Professor Christopher Henshilwood from the University of Bergen is already a holder of an advanced grant from the European Research Council. Now he has also been named as one of the most cited researchers in the world. According to the Highly Cited Researchers2014 ranking, collected by the media and publishing company Thomson Reuters, he is among the world’s top one per cent of most cited researchers in the social sciences and the humanities.
The archaeology professor Christopher Henshilwood discovered the Blombos Cave, situated about 300 kilometres east of Cape Town in South Africa where he was born, in 1991. But it was only in February 2002, after more substantial financing had made thorough excavations possible, that he was able to get his most quoted article published in the journal Science. In this article, Emergence of modern human behaviour: Middle Stone Age engravings from South Africa , Henshilwood presented evidence that the age of ‘modern human behaviour’ started in Africa before 75,000 years ago; not 40,000 years ago in Europe, as previous research had suggested. This article alone has been cited by 291 researchers, a very high figure in the fields of the social sciences and the humanities.He is confident that another article, A 100,000-year old Ochre-Processing Workshop at Blombos Cave, South Africa , published in October 2011 in Science, will be among the most cited when Thomson Reuters conduct their next academic citation indexing about ten years from now.

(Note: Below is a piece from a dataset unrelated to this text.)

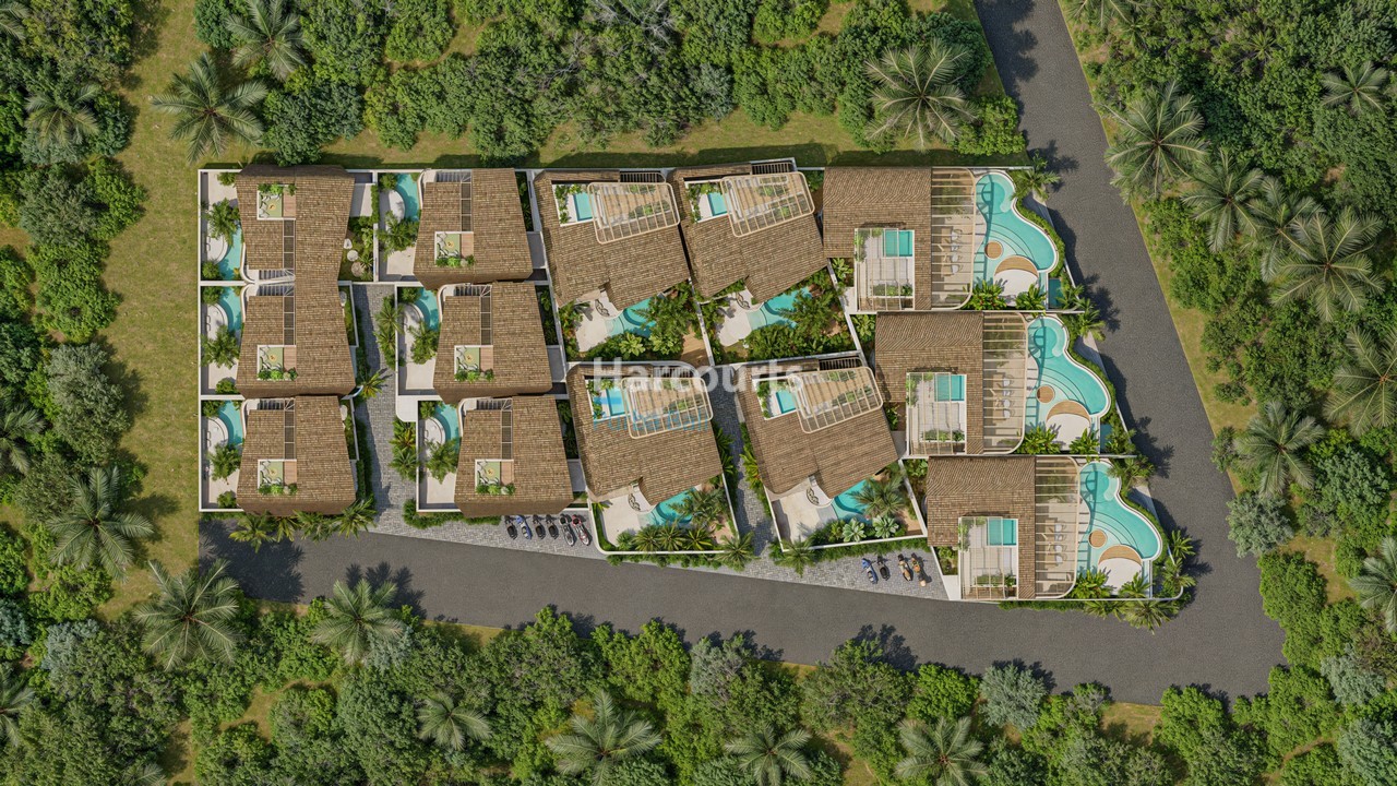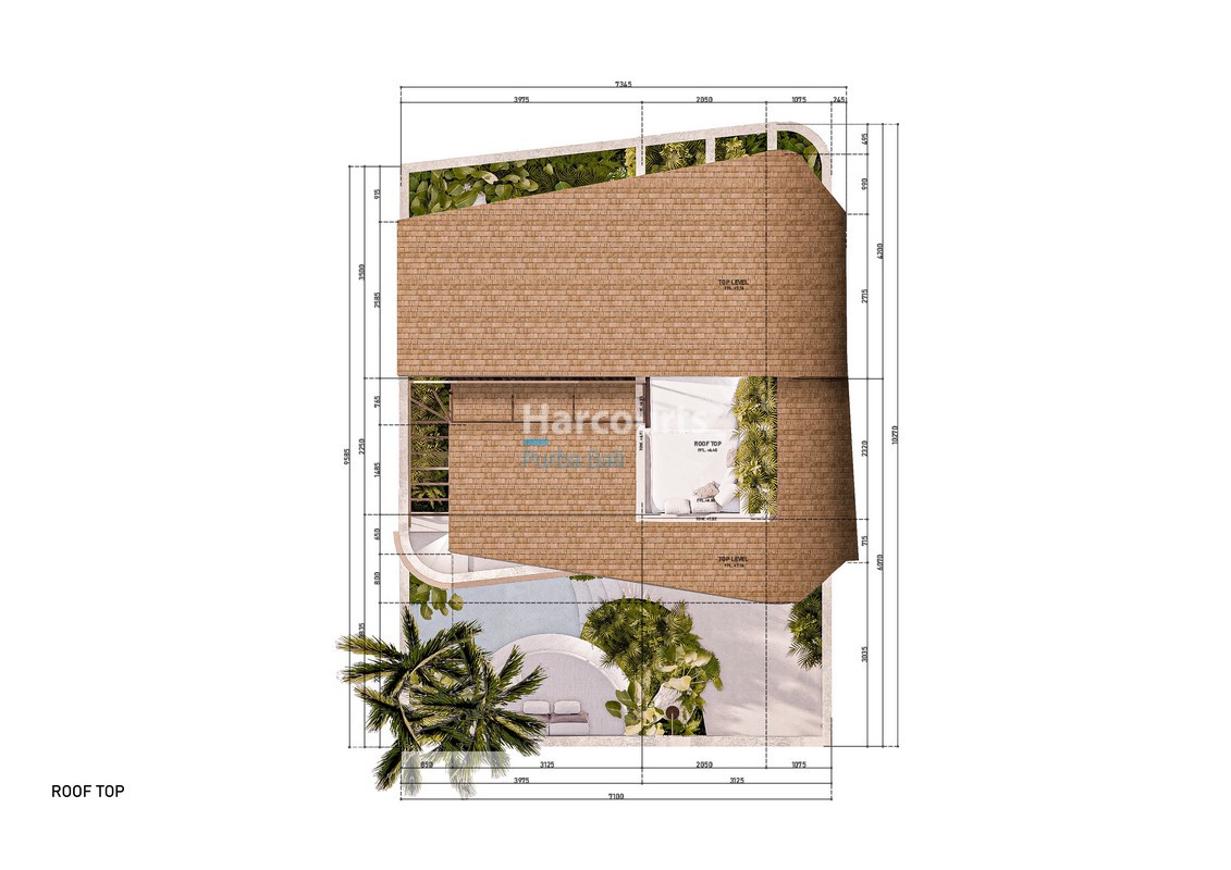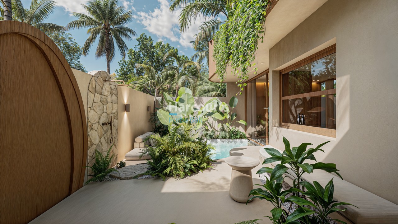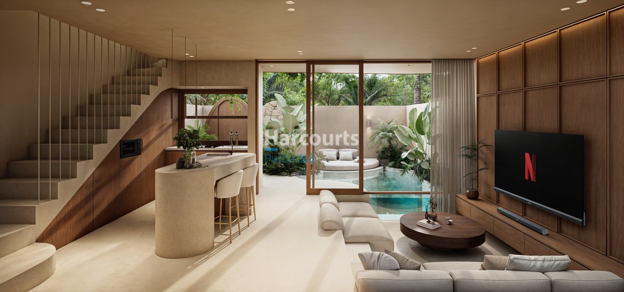 Outdoor living is quietly luxurious on this compact 0.75 are (~75 m²) plot. A private swimming pool with an integrated sunbed sits at the centre, accompanied by an 8 m² deck and an outdoor stone shower. Mature tropical planting, a curved wooden feature wall and stone perimeter create a secluded atmosphere, while a rooftop terrace delivers captivating ocean views. The property is fully enclosed and includes private parking.
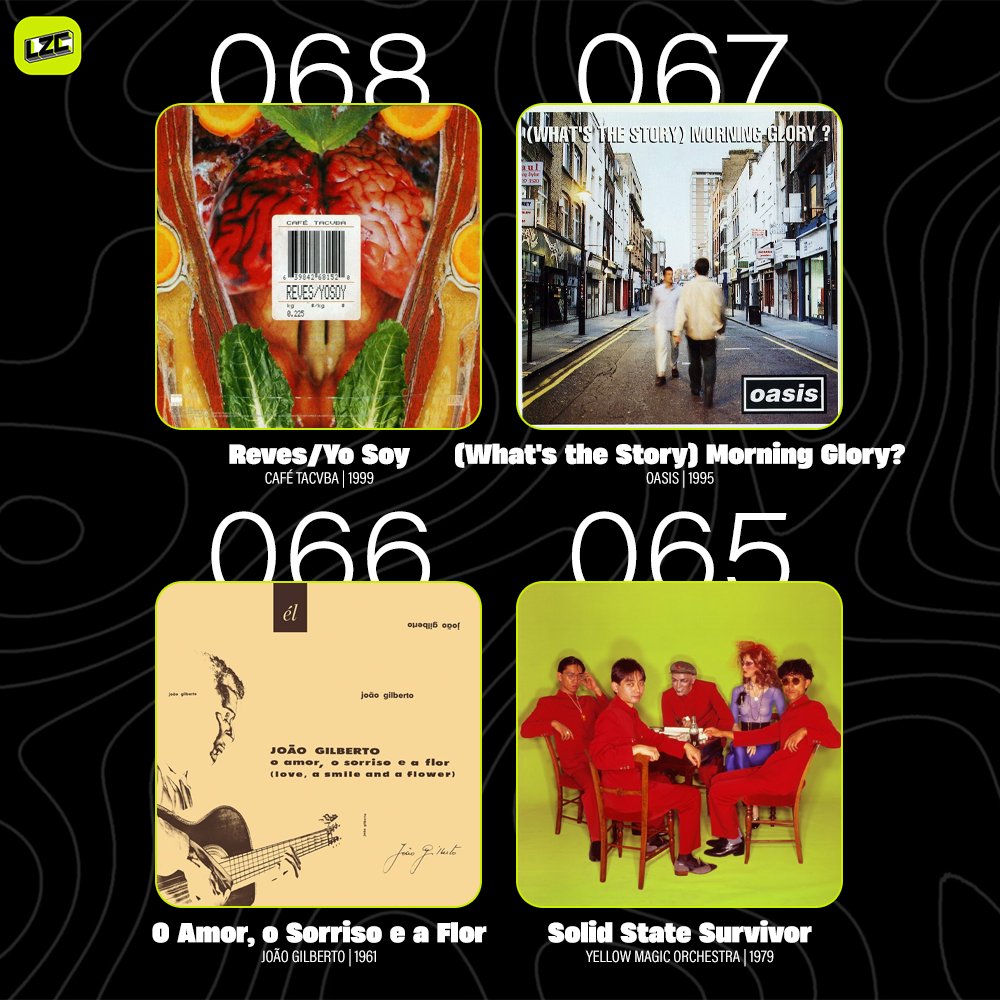 68. Reves/Yo Soy - Café Tacvba (1999) 67. (What's The Story) Morning Glory? (1995) 66. O Amor, o Sorriso e a Flor - João Gilberto (1961) 65. Solid State Survivor - Yellow Magic Orchestra (1979)

“Thanks to our archaeological sites in South Africa that represent the living places of our earliest common ancestors, Homo sapiens, and all their treasures, I have had many findings to write about,” says Christopher Henshilwood. “These include my publications on the origins of language and symbolism; the effects of climatic variation on human demographics; and the epistemology of the early behavioural evolution of Homo sapiens. My multidisciplinary team has been totally invaluable in regards to putting the findings into context. This is a team victory!”
Professor Henshilwood is also a recipient of a prestigious Advanced Grant from the European Research Council (ERC) and he is academic lead of the TRACSYMBOLS research project.